# What is required
Repeat the data exactly, please; no pictures belong in the copy.

# Supplied material
---

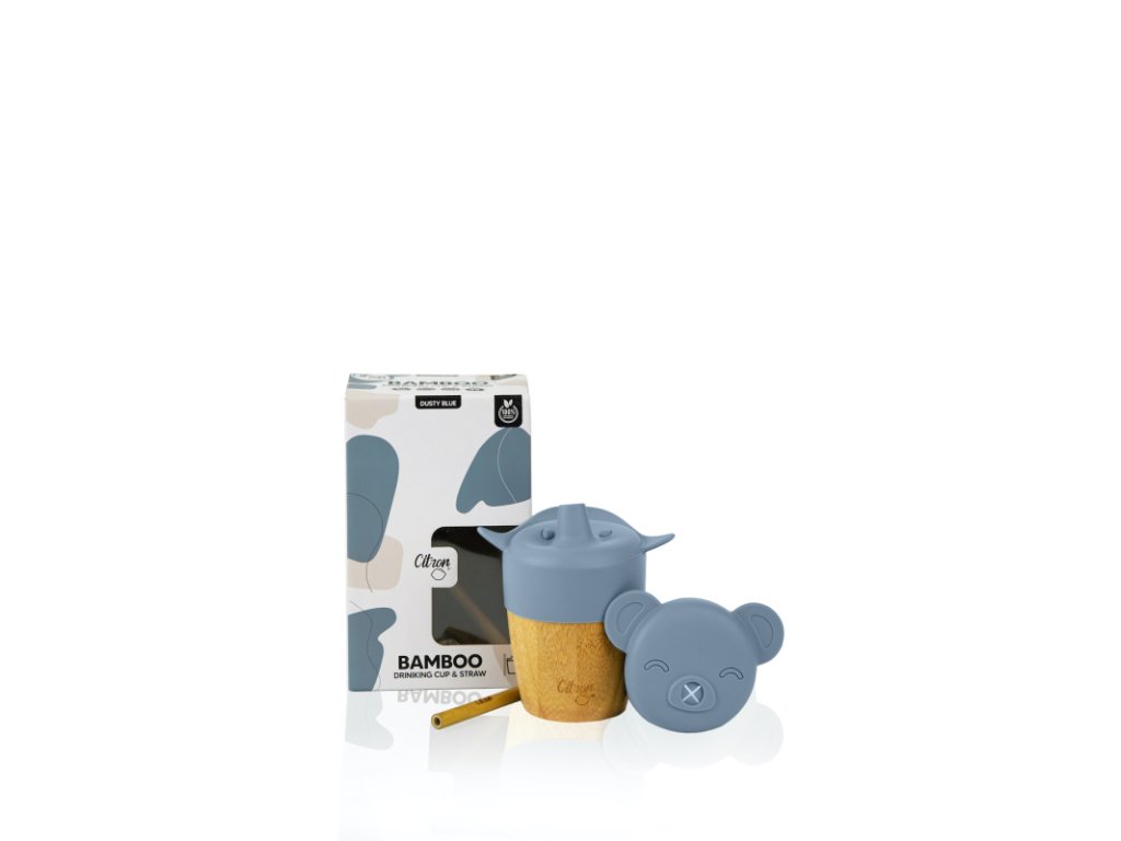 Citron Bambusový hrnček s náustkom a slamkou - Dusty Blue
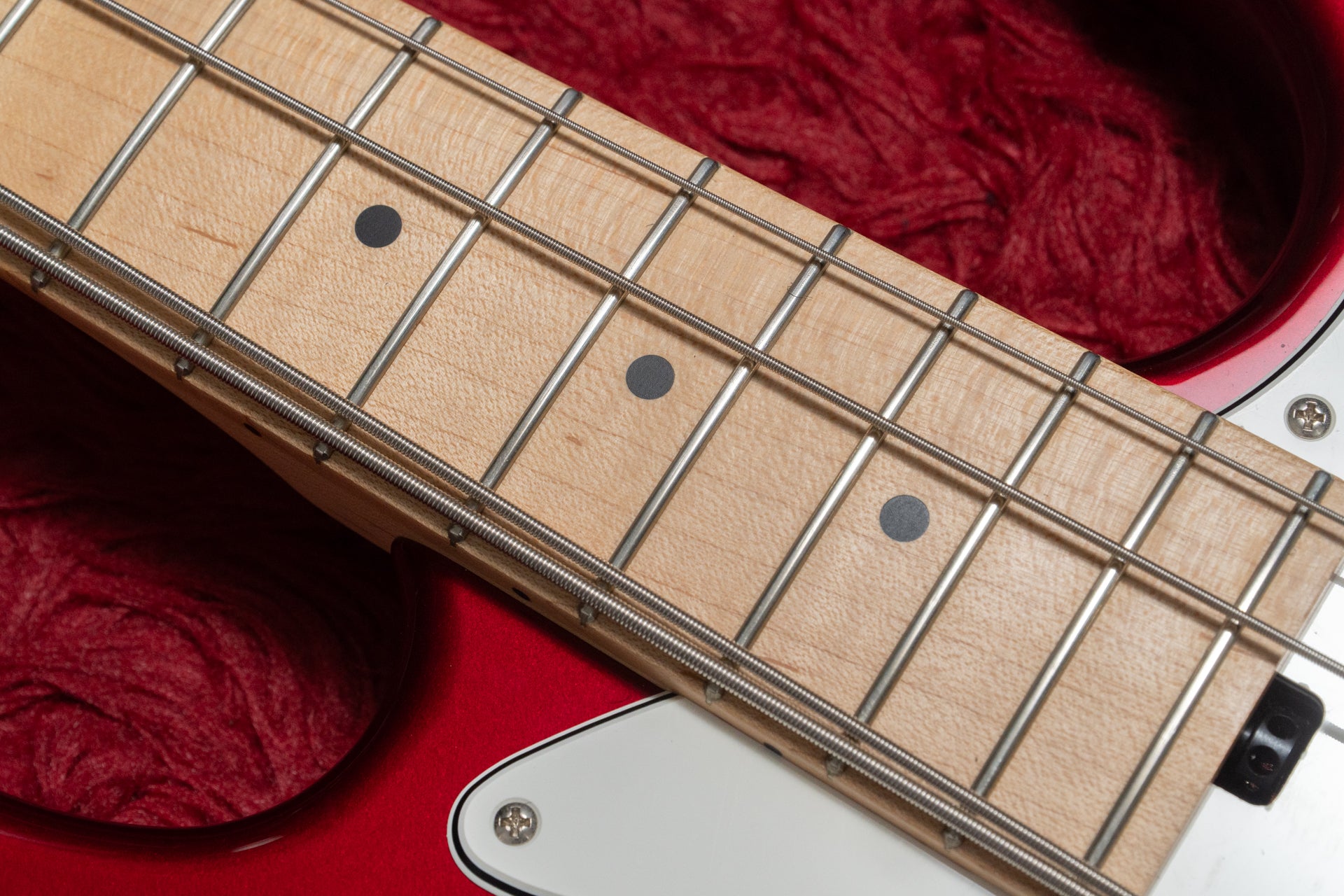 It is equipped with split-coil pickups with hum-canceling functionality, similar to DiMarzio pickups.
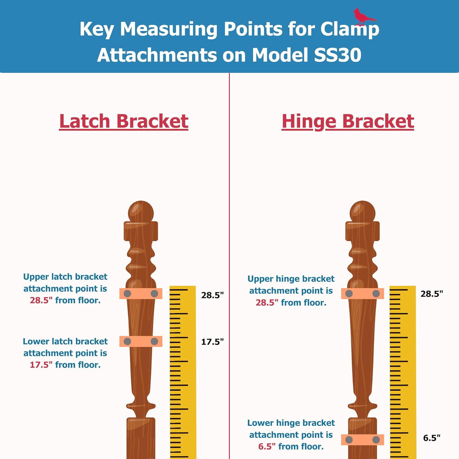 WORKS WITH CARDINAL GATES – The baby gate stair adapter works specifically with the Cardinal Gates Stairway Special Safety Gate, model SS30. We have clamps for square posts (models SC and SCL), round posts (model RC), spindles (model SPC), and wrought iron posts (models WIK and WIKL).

---

# Response to this exercise
 Citron Bambusový hrnček s náustkom a slamkou - Dusty Blue
 It is equipped with split-coil pickups with hum-canceling functionality, similar to DiMarzio pickups.
 WORKS WITH CARDINAL GATES – The baby gate stair adapter works specifically with the Cardinal Gates Stairway Special Safety Gate, model SS30. We have clamps for square posts (models SC and SCL), round posts (model RC), spindles (model SPC), and wrought iron posts (models WIK and WIKL).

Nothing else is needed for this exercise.